Advertisement

North Korea Hints at Change, but U.S. Isn’t Paying Attention : A year after a nuclear deal defused a crisis, the world’s most secretive society is opening its door even as Washington still dwells on the nuke threat.

Share
<i> Robert A. Manning, a senior fellow at the Progressive Policy Institute, was a State Department policy adviser from 1989-93</i>

The White House spin-meisters proudly cite it as yet another foreign-policy success: a dangerous nuclear wanna-be was stopped in its tracks. But one year after a controversial U.S.-North Korea deal, Washington is caught between skeptical Republicans and a Pyongyang still haggling, amid blustery threats, over details. As if to offer a reality check, North Korean infiltrators were twice captured by South Korea in recent weeks, which serves as a reminder that the heavily armed and divided Korean Peninsula remains one of the world’s flash points.

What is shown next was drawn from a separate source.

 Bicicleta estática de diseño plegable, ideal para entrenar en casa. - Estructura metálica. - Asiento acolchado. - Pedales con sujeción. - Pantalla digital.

The contrast between these two events--the possibilities of diplomacy ending the nuclear threat and opening the door to North-South reconciliation, on the one hand, and the subversion dramatizing the continued military confrontation, on the other--illuminates both the promise and the perils of the Korean predicament. Perhaps most important, the infiltration episodes, as well as certain developments inside North Korea, dramatize why it is a grave mistake to define the nuclear-proliferation threat as the issue, rather than as part of a larger regional problem of Korean reunification.

The October, 1994 Agreed Framework was a political bargain. North Korea immediately froze its nuclear-weapons program in exchange for two light-water nuclear reactors, heavy oil and improved relations with the United States. South Korea and Japan agreed to pay the bulk of the cost of the $4.5-billion reactor project.

Advertisement

Still, resolution of the issue that triggered the crisis--North Korea’s refusal to allow the International Atomic Energy Agency (IAEA) to investigate its past nuclear activities to determine how much plutonium it had reprocessed--remains uncertain. Under the accord, the North promised to allow IAEA inspectors to examine its nuclear past before key components of the new nuclear reactors would be delivered about four years from now. Critics of the agreement charged that it propped up a failing totalitarian regime that has rarely met its commitments, and got too little in return.

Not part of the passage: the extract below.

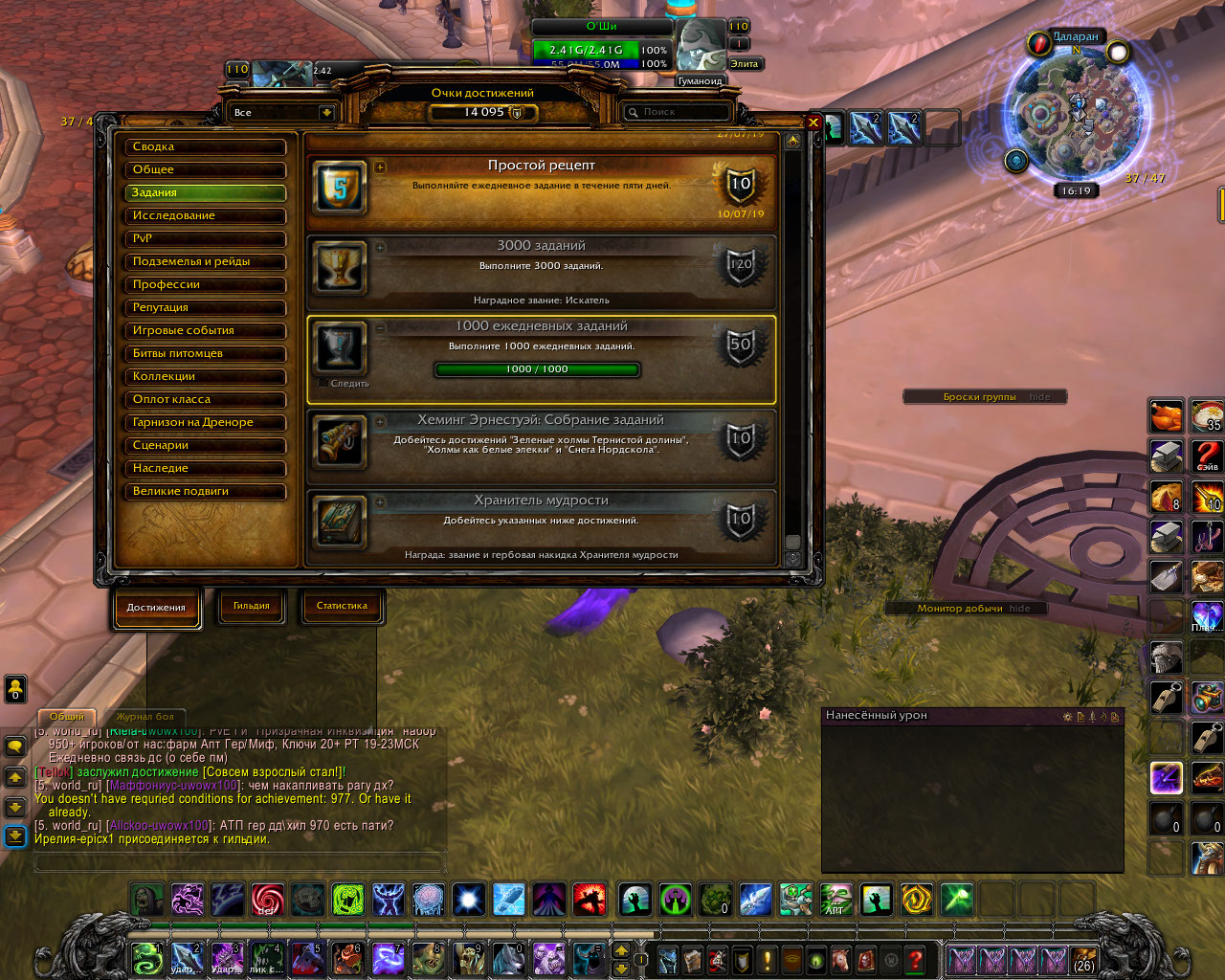 | Description | https://ru.wowhead.com/achievement=977/1000-%D0%B5%D0%B6%D0%B5%D0%B4%D0%BD%D0%B5%D0%B2%D0%BD%D1%8B%D1%85-%D0%B7%D0%B0%D0%B4%D0%B0%D0%BD%D0%B8%D0%B9 не засчитывается. | ||||

Despite its flaws, the nuclear accord did halt a drift toward war and prevented North Korea from reprocessing spent fuel rods containing enough plutonium to make about five nuclear bombs. It not only closed down Pyongyang’s reprocessing facility, but stopped construction of two large graphite reactors, which, if completed, could have produced enough plutonium to manufacture 30 bombs a year. Moreover, the accord generated larger hopes that a “soft landing”--peaceful reconciliation leading to a unified Korea--might be possible.

But the signals from North Korea have been ambiguous, at best. Agreement on a contract to actually start the reactor project remains elusive. In high-level talks still under way in New York between North Korea and the Korea Energy Development Organization, a consortium set up by the United States to manage the project, Pyongyang has tried to bid up the price, seeking additional aid. Curiously, however, after threatening to walk out on several occasions, North Korean negotiators have backed off their demand.

Pyongyang’s new-found humility shouldn’t be too surprising, though. North Korea is in desperate shape and has no good choices. Fifteen months after the death of Kim Il Sung, who ruled for half a century, there is no formal head of state. His son, Kim Jong Il, who is rarely seen in public, is de facto leader, though he commands less authority than his father. The country has endured five years of negative economic growth, while both Russia and China have distanced themselves from the North and cultivated ties to South Korea. Earlier this month, Moscow formally announced it would scrap its security treaty with Pyongyang when it expires next year. To top it off, North Korea has suffered through horrible floods affecting 5 million people, 20% of its population.

Still, these circumstances have produced some intriguing hints of change in North Korea’s outlook. The floods have forced Pyongyang to publicly beg for food. Japan and South Korea are providing more than 600,000 tons of rice. At the same time, North Korean officials are globe-trotting to recruit foreign investment in Chinese-type special economic zones. They even floated the idea that they might set up a stock market in one of the zones. And though they stiff the South Korean government, they are signing new deals with South Korean companies. In a remarkable turn of events for the world’s most secretive society, one deal will allow 13 South Korean businessmen to live in the port city of Nampo. No less astonishing, senior North Korean officials recently told a visiting American that they would not oppose the presence of U.S. troops in the South once a peace treaty was signed.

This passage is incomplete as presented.